データベースへのアクセス権限は業者の中でも限られた担当者にしか与えられておらず、警視庁はこうした人物が流出させた疑いがあるとみて調べています。
この問題は、ベネッセコーポレーションの通信教育サービスを利用している顧客の子どもや保護者の名前や住所など、およそ760万件の個人情報が流出したもので、流出した個人情報は最大でおよそ2070万件に上る可能性があるとみられています。
警視庁は、企業の営業秘密に当たる顧客の個人情報を何者かが外部に流出させたとみて、不正競争防止法違反の疑いで捜査していますが、顧客データベースの保守管理は本社から委託を受けたベネッセのグループ会社が、外部の業者に再委託していたことが警視庁などへの取材で分かりました。
データベースへのアクセス権限は、業者の中でも一部の担当者にしか与えられていなかったということです。

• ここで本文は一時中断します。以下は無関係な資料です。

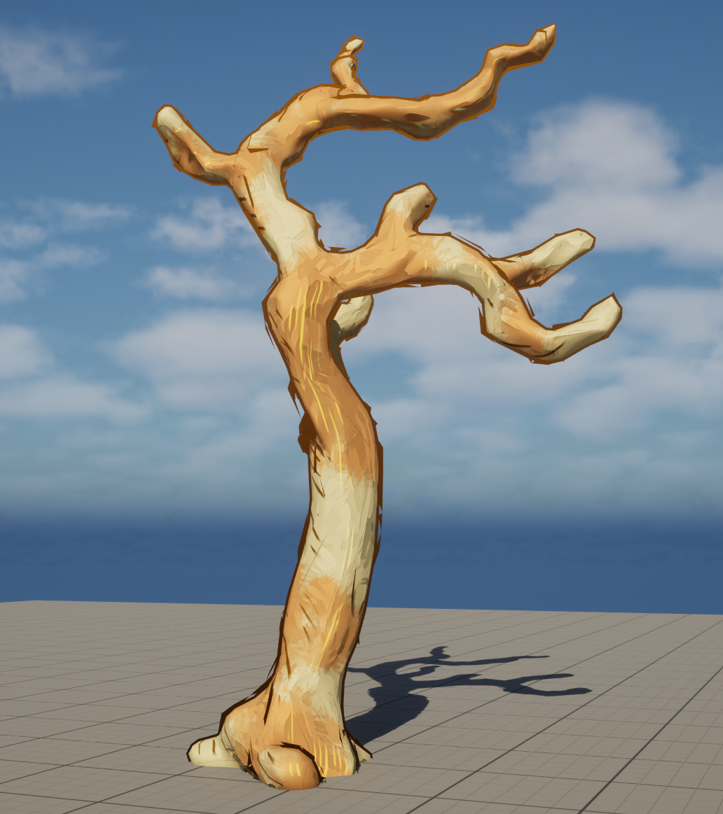Playing with engine to create illustrative style, I am using a flipped normal effect with an unlit shader to create an outline with random faces copied and displaced to give a random jagged effect to the tree trunk.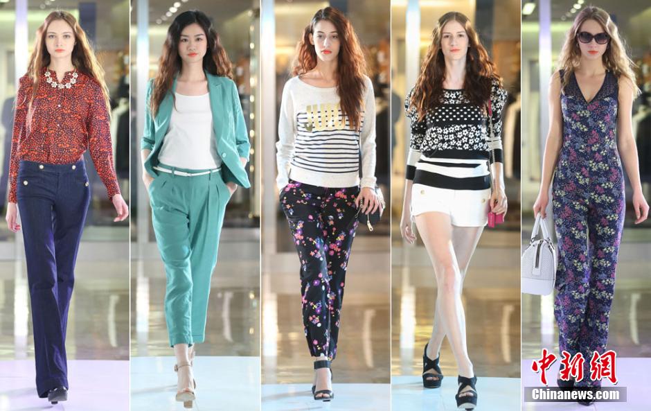 4月20日,靓丽的女模特展示春夏时尚女装。当日,为期一周的“旖旎之春”春夏秀场巡礼在南京德基广场完美谢幕,来自国外著名时装设计师带来的新款春夏时装在这个明媚的时节扑面而来,红蓝绿的活泼跳跃和黑灰的稳重大方拉开了春夏时尚的序幕。泱波 摄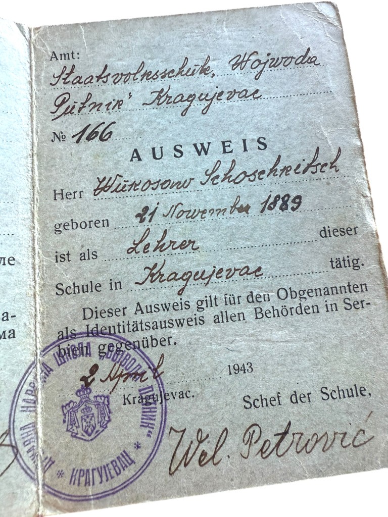 Originele WWII Duitse Ausweis uit Kragujevac (Serbia) in 1943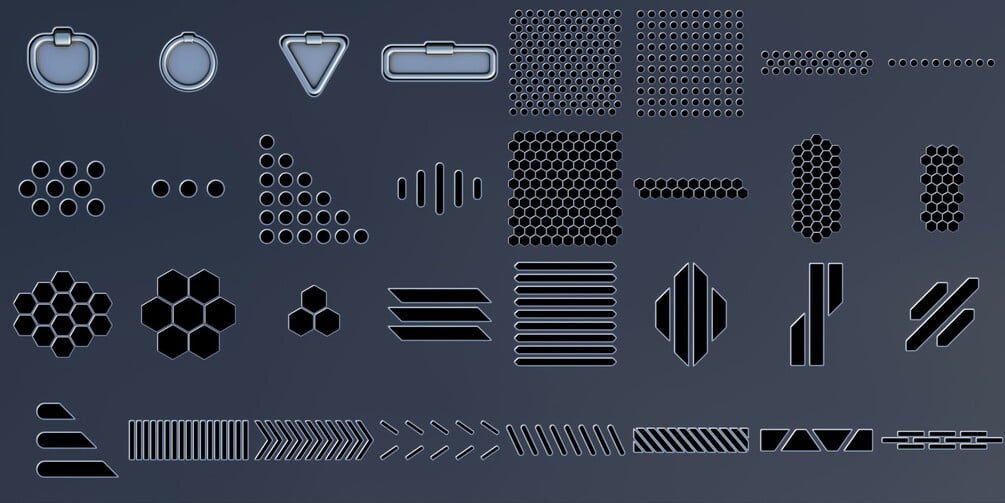You'll get 200 high quality detailing decals ready to use with Decal Machine in Blender 2.8+
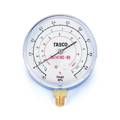 家庭用冷凍冷蔵庫用として2003年度から各機器メーカーに採用された炭化水素HC系(プロパン、イソブタンなど)冷媒用圧力計です。 |

ベネッセによりますと、データベースに不正にアクセスされた形跡はないということで、警視庁は、こうした外部業者の担当者が情報を記憶媒体にコピーするなどして持ち出し、流出させた疑いがあるとみて調べています。
茂木経済産業大臣 業界団体に対策強化を要請へ
「ベネッセコーポレーション」の通信教育サービスなどの利用者の個人情報が大量に流出した問題について、茂木経済産業大臣は11日の閣議のあとの記者会見で「誠に遺憾だ」と述べたうえで、ベネッセに対して信頼の回復に向けて全力で取り組むよう求めました。
記者会見の中で、茂木経済産業大臣は「小中学生の情報も含んだ760万件におよぶ個人情報が流出したことは誠に遺憾だ。多くの保護者や国民が不安を抱いている」と述べたうえで、ベネッセに対し、信頼の回復に向けて原因究明や再発の防止などに全力で取り組むよう求めました。
さらに茂木大臣は今回の問題をきっかけに、学習塾や通信販売の業界団体に対して、個人情報の適切な管理の徹底を要請するほか、企業秘密にあたる情報が外部に持ち出されることがないよう対策の強化を広く呼びかける考えを示しました。
この問題で、経済産業省は10日、「ベネッセコーポレーション」に対し、個人情報保護法に基づいて、詳しい事実関係と、再発防止に向けた取り組みなどを今月17日までに報告するよう求めています。
菅官房長官 個人情報保護法改正する考え
菅官房長官は、閣議のあとの記者会見で「子どもの情報を含む、760万件におよぶ個人情報が流出したことは誠に遺憾だ。多くの保護者や国民が不安を抱いており、ベネッセにおいては早急に原因究明を行い、これ以上の情報の流出を食い止めるとともに、再発防止や顧客の信頼回復に全力で取り組むことが必要だ」と述べました。
そのうえで、菅官房長官は、「現行の個人情報保護法では、情報流出の被害を受けた個人が申し立てをすれば情報を消去できる手続きになっているが、全体を消去できるわけではない。個人情報保護法の改正が検討課題の1つになっているが、このような事件も発生しているので、改正という方向で考えていきたい」と述べ、来年の通常国会で、個人情報保護法を改正したいという考えを示しました。